Боян, протянув было к нему руку, отдернул ее, поняв, что его вмешательство нежелательно. Человеку в черном наконец-то удалось открыть саквояж и он вынул оттуда бумаги, копии которых хотел сделать.

Боян бросил взгляд на листы и оторопел: на них было множество рисунков, большинство из них с геометрическими узорами и с пояснениями, написанными по-арабски. Там были звезды с пятью и шестью лучами, заключенные в окружности, треугольники, разделенные на сектора, в каждом из которых стояло число, магические квадраты с вписанными в них латинскими буквами, тексты в виде разноцветных узоров, схематично нарисованные знаки зодиака.

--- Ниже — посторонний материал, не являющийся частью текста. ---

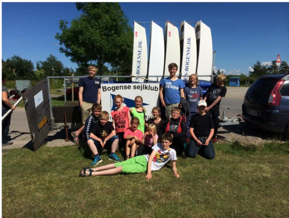
Holdet til Fænø rundt

trejde uge, hvor meningen var at fastholde det gode sociale samarbejde mellem sejlerne. Der blev indført, at der efter teorien skulle være fællesspisning, hvilket var med til at sørge for stor tilslutning.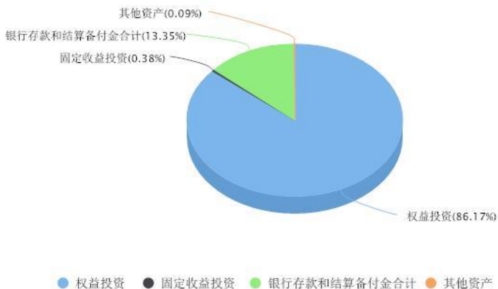
投资组合资产配置图表 数据截止日期:2024年06月30日

Боян понял, что это магические формулы — талисманы, предназначенные для защиты от сглаза тех, кто их носит, заклинания, знаки, скрывающие какое-то тайное значение, но он не мог даже предположить, откуда взялся этот человек и зачем ему это нужно.

— Амулеты, — тоном сообщника тихо сказал Боян.

Человек в черном не ответил. У него было мелкое мышиное лицо в пигментных пятнах, на котором росла редкая бороденка. Избегая взгляда Бояна, он смотрел куда-то вниз, втягивал голову в плечи, сворачиваясь, будто еж, и, очевидно, решил не подавать вида, что слышал вопрос. Он попросил владельца ксерокса сделать двадцать копий каждой страницы. Взгляд Бояна заставлял его нервничать, и, несмотря на тщедушие, мужчина всячески пытался заслонить листы от постороннего своим телом. Он в спешке складывал в стопки готовые копии, несколько раз ошибался, пытаясь сосчитать, сколько же ему надо заплатить за услугу, потел и что-то недовольно бормотал; вокруг него распространялся, как защитная аура, запах бараньего сала.

Среди бумаг Боян заметил листок со знаками, похожими на азбуку; концы необычных букв заканчивались маленькими кружочками.

— Для чего вам это нужно? — Боян еще раз попробовал завязать разговор.

— Я не лезу в ваши дела, и вы не лезьте в мои, — сказал маленький человечек в черном, застегивая свой саквояж.

— Он шейх, — сказал владелец ксерокса, когда человек с саквояжем вышел, — ходжа, делает амулеты, вы правильно определили. Но не хочет об этом говорить.

Боян вернул книги в библиотеку, перешел через реку по бетонному мосту и вошел в торговый центр. Утро еще немного веяло прохладой, но день обещал быть жарким. После залитых солнцем улиц было приятно идти по переходам торгового центра, где струился легкий ветерок.

В кафе «Рим-Париж» все столики были заняты, за одним из них Боян увидел Коле, репортера «Вечерних новостей». Коле работал в отделе культуры и хвастался, что знаком со всеми, кто имеет к культуре хоть малейшее отношение. Боян не любил Коле еще с гимназических лет; они учились в одном классе, но друг друга терпеть не могли.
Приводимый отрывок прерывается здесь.